Pitfall: Matching on variables affected by the treatment.

For example, when estimating whether customer reviews affect sales, do not match on post-review traffic, ranking position after reviews changed, or conversion after reviews were visible. Those variables may be mediators or colliders. Use pre-treatment covariates such as historical sales, category, price, brand, baseline rating, seasonality, and prior traffic.

Pitfall: Overcommunicating the method and undercommunicating the decision.

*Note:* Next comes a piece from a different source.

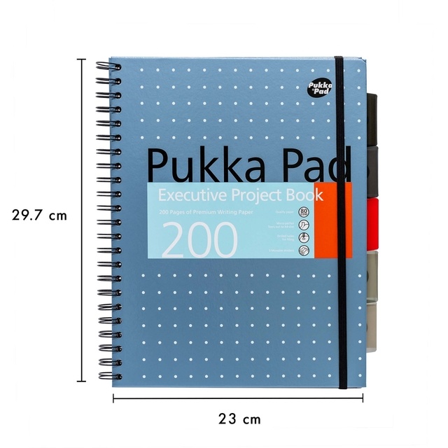 * De Pukka Pad Metallic serie is een essentiële collectie voor studenten, werkende professionals en bedrijven. Maak kennis met ons A4 Metallic projectboek, onderdeel van onze Metallic serie notitieboeken, in-house ontworpen en wereldwijd geliefd met onze kenmerkende geraffineerde metallic omslag. Het hoogwaardige projectboek is essentieel voor studenten en werkende professionals. Elk projectboek bevat 5 kleurgecodeerde, herpositioneerbare verdelers met opbergvakken. Deze zijn perfect voor het opsplitsen van onderwerpen, werkaantekeningen en projecten. Het projectboek heeft een harde kaft, zodat je aantekeningen beschermd en veilig zijn. Het A4 notitieboek is 230mm x 297mm groot en ideaal voor het maken van dagelijkse aantekeningen. Het projectboek bevat 200 pagina's van hoogwaardig 8mm gelinieerd, 80gr papier dat FSC-gecertificeerd is en bevat een wereldkaart op de binnenpagina van de voorkant om internationale contacten aan te wijzen. Er is ook een belangrijke informatiepagina aan de achterkant van het projectboek met een sectie voor dingen om te onthouden en een plek om je belangrijke contacten achter te laten. Verkrijgbaar in 3 kleuren paars, zilver en blauw. Deze kleuren worden in willekeur uitgeleverd.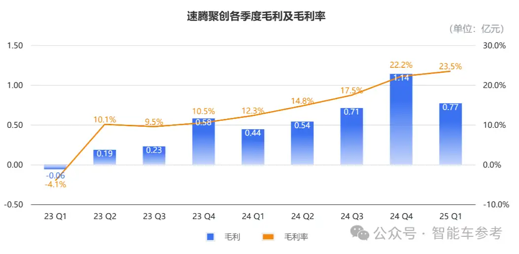 在利润方面,速腾在一季度表现提升。

Interviewers do not just want a list of causal techniques. They want to know whether the evidence is strong enough to launch, rollback, investigate, or run a follow-up experiment. Translate the estimate into product language: expected impact on DAU, revenue, retention, or safety metrics, plus uncertainty and caveats.

Connections

Interviewers may pivot from PSM to A/B testing, difference-in-differences, synthetic control, instrumental variables, or regression discontinuity depending on whether treatment was randomized, staggered, threshold-based, or naturally assigned. They may also ask about metric design, variance reduction such as CUPED, ratio metric inference, or heterogeneous treatment effects across geos, devices, and cohorts.

Further reading

• Rosenbaum and Rubin, “The Central Role of the Propensity Score in Observational Studies for Causal Effects” (1983) — the foundational paper defining propensity scores and balancing properties.

• Imbens and Rubin, Causal Inference for Statistics, Social, and Biomedical Sciences — rigorous treatment of potential outcomes, matching, weighting, and design-based causal inference.

• Austin, “An Introduction to Propensity Score Methods for Reducing the Effects of Confounding in Observational Studies” (2011) — practical overview of matching, weighting, balance diagnostics, and common mistakes.